(MATERIAL TO PROCESS begins)

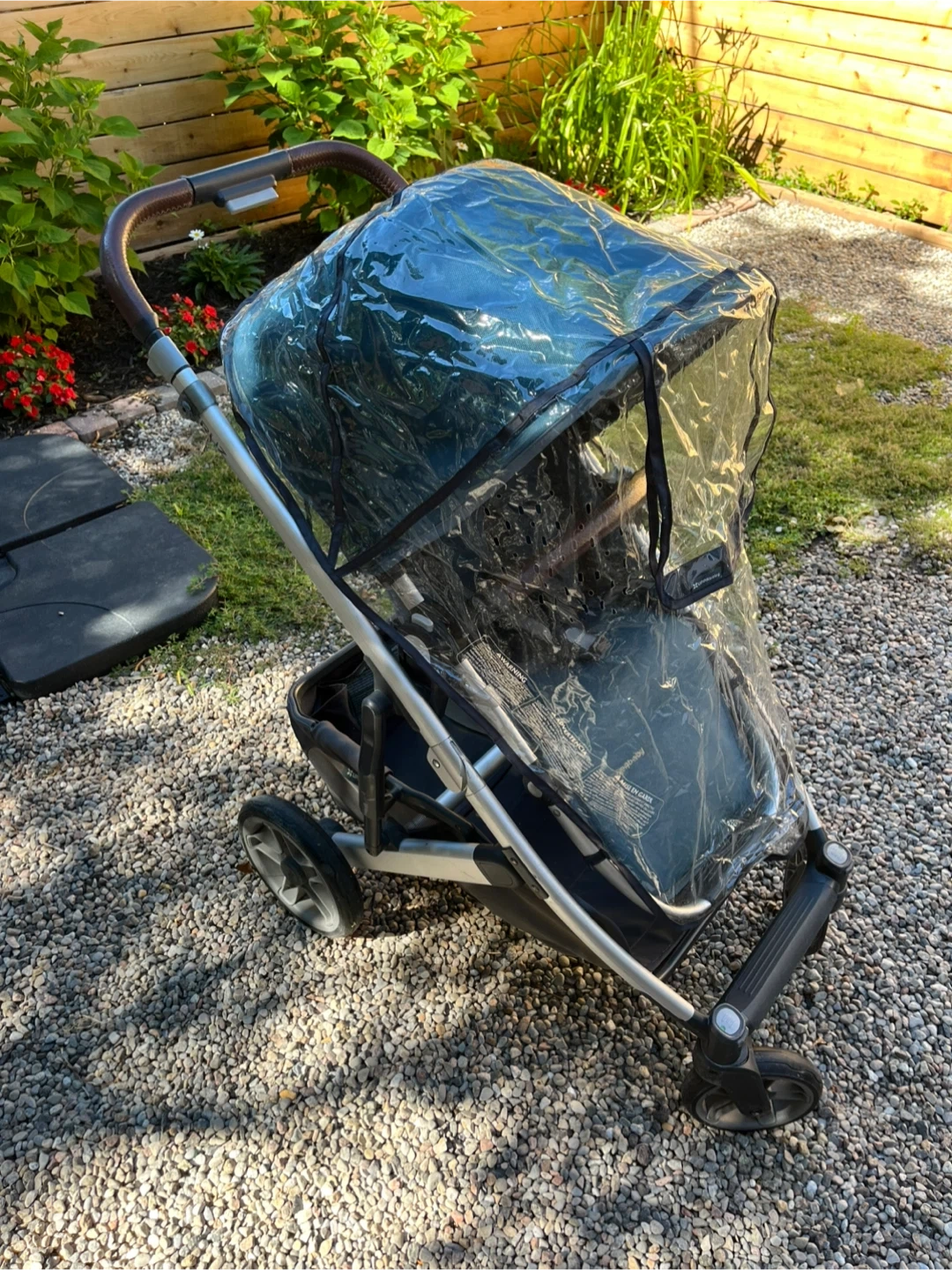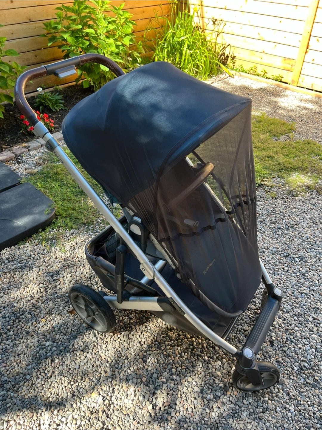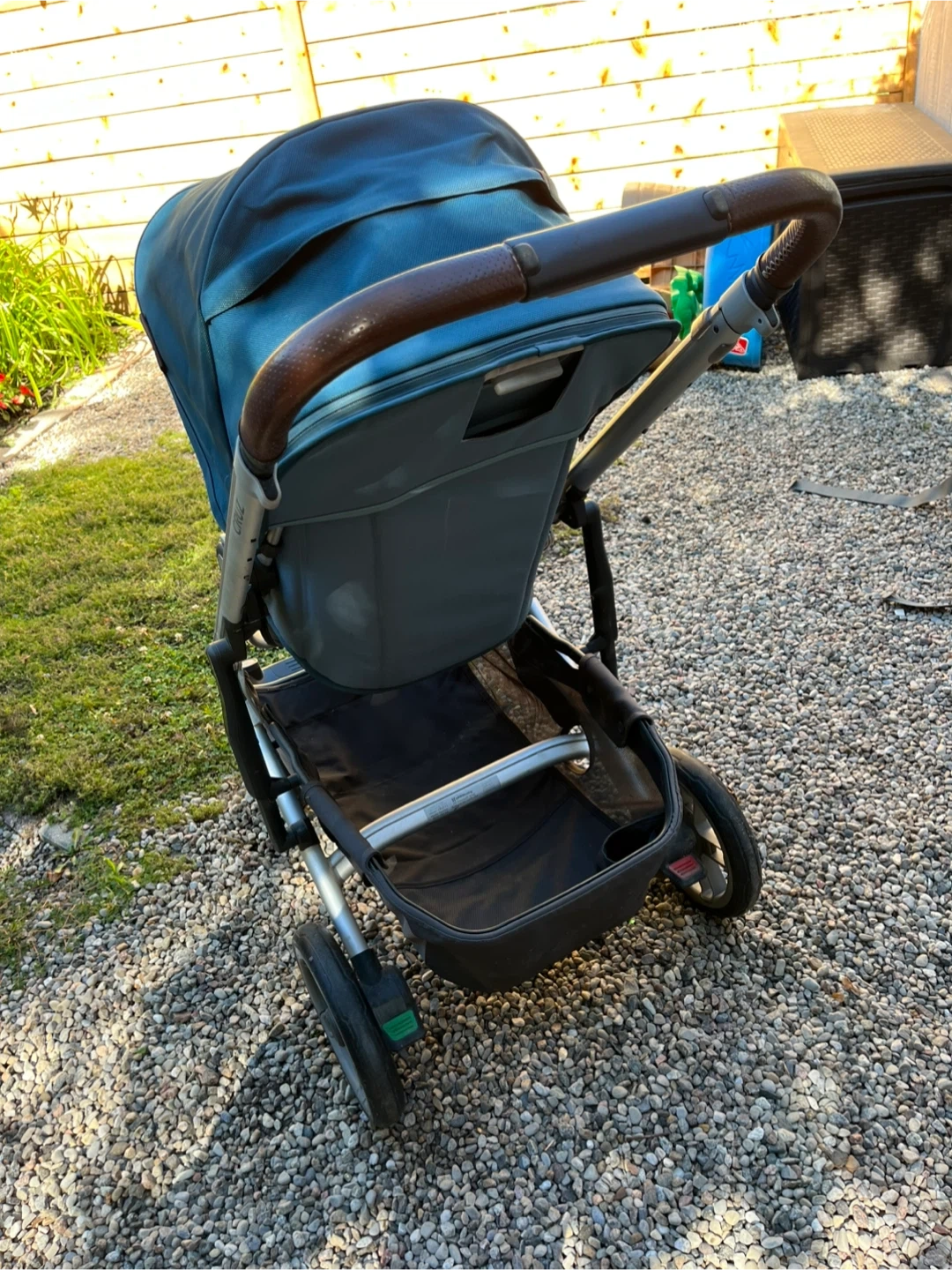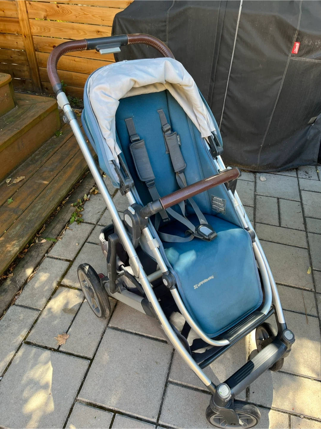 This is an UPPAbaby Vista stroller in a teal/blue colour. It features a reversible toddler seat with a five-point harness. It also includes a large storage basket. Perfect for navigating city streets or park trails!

(MATERIAL TO PROCESS ends)
(MATERIAL TO PROCESS begins)

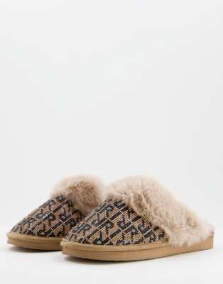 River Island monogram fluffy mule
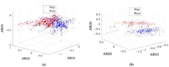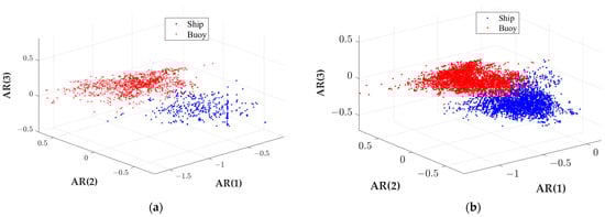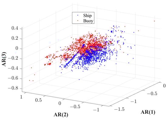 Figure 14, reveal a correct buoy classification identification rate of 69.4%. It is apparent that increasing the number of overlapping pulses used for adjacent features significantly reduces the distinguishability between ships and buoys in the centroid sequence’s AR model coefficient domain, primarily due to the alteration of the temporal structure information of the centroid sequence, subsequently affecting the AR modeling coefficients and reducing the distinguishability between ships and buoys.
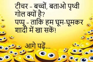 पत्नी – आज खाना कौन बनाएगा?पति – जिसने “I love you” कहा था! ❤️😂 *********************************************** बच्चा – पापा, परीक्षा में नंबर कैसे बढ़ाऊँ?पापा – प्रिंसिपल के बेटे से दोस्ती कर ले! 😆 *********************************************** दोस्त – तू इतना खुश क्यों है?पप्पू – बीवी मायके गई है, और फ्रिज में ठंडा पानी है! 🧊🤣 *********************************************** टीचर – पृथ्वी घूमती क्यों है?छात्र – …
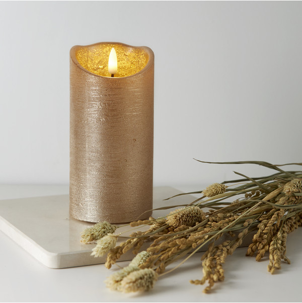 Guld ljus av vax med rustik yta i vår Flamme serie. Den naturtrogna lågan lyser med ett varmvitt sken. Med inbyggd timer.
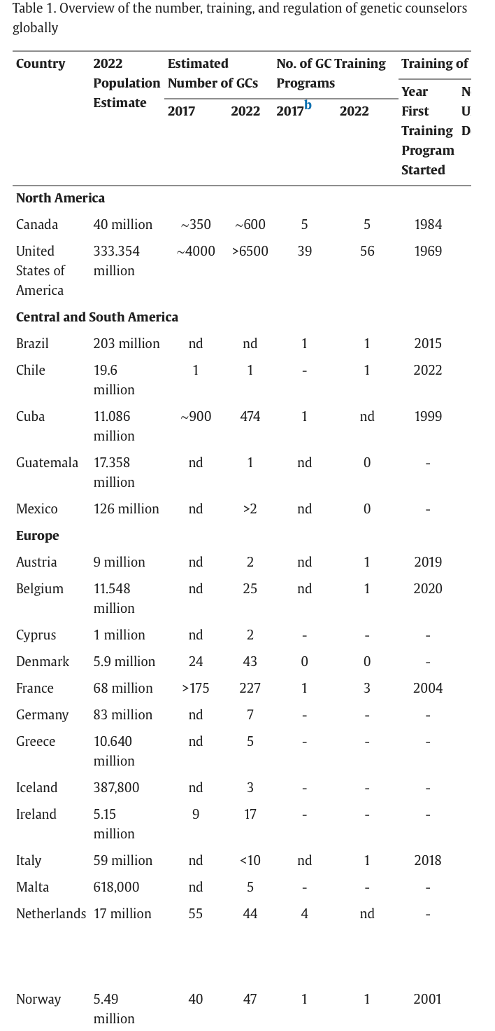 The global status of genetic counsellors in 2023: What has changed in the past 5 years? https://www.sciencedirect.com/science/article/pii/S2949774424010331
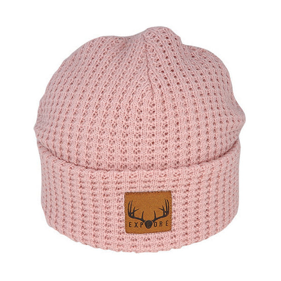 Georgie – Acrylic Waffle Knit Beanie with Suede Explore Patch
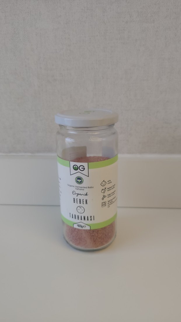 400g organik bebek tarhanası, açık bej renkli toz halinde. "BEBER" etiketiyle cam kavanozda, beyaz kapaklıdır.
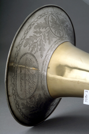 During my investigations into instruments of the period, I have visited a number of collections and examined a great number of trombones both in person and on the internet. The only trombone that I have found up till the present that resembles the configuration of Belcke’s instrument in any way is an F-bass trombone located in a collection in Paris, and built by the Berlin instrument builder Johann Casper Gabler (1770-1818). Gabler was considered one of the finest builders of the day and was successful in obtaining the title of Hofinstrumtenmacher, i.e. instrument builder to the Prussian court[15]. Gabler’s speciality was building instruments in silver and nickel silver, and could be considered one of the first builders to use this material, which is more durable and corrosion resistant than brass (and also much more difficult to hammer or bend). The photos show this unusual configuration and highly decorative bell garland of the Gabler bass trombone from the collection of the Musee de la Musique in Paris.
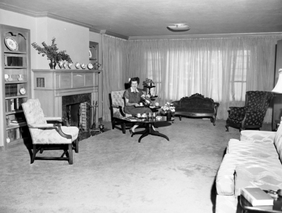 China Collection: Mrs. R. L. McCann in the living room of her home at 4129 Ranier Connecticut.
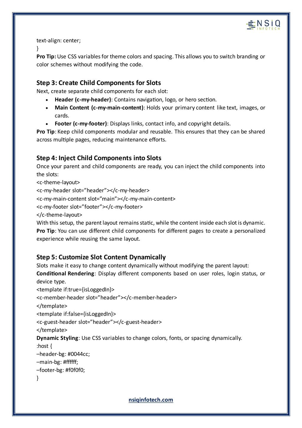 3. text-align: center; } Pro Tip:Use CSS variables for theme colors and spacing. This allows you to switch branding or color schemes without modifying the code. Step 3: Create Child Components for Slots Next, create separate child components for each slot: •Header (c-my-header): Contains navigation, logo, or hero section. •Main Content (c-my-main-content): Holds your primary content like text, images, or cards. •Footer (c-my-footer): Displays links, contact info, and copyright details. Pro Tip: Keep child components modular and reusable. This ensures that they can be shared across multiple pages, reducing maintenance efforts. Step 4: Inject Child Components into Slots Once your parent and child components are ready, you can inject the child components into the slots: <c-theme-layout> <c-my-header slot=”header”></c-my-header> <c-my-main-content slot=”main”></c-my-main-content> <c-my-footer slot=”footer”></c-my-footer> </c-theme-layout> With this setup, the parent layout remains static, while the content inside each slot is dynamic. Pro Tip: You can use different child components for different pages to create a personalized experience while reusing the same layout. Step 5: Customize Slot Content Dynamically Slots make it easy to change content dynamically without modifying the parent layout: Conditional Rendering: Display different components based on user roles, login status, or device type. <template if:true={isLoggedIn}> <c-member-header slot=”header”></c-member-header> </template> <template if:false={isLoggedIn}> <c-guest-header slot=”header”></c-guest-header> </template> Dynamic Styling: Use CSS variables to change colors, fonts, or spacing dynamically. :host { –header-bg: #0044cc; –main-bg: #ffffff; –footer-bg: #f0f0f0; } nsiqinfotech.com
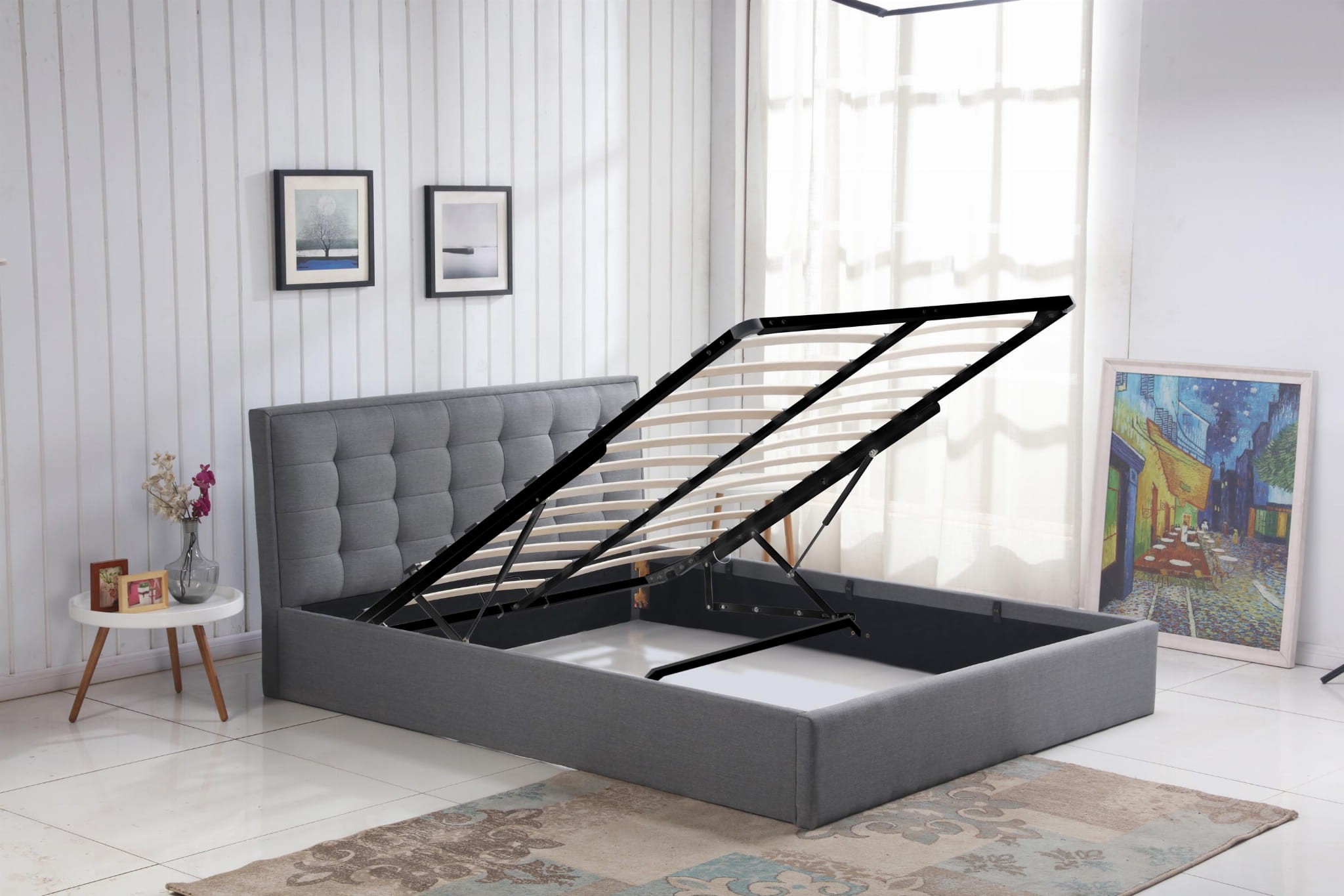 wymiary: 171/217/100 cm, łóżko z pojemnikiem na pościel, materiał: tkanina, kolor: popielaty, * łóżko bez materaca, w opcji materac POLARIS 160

(MATERIAL TO PROCESS ends)

PROBLEM TO WORK ON:
Exactly the lines starting at the one above with "पत्नी – आज खाना" and ending at the one with "400g organik bebek" should be printed, and nothing else. Omit the pictures.

SOLUTION TO THE PROBLEM:
 पत्नी – आज खाना कौन बनाएगा?पति – जिसने “I love you” कहा था! ❤️😂 *********************************************** बच्चा – पापा, परीक्षा में नंबर कैसे बढ़ाऊँ?पापा – प्रिंसिपल के बेटे से दोस्ती कर ले! 😆 *********************************************** दोस्त – तू इतना खुश क्यों है?पप्पू – बीवी मायके गई है, और फ्रिज में ठंडा पानी है! 🧊🤣 *********************************************** टीचर – पृथ्वी घूमती क्यों है?छात्र – …
 Guld ljus av vax med rustik yta i vår Flamme serie. Den naturtrogna lågan lyser med ett varmvitt sken. Med inbyggd timer.
 The global status of genetic counsellors in 2023: What has changed in the past 5 years? https://www.sciencedirect.com/science/article/pii/S2949774424010331
 Georgie – Acrylic Waffle Knit Beanie with Suede Explore Patch
 400g organik bebek tarhanası, açık bej renkli toz halinde. "BEBER" etiketiyle cam kavanozda, beyaz kapaklıdır.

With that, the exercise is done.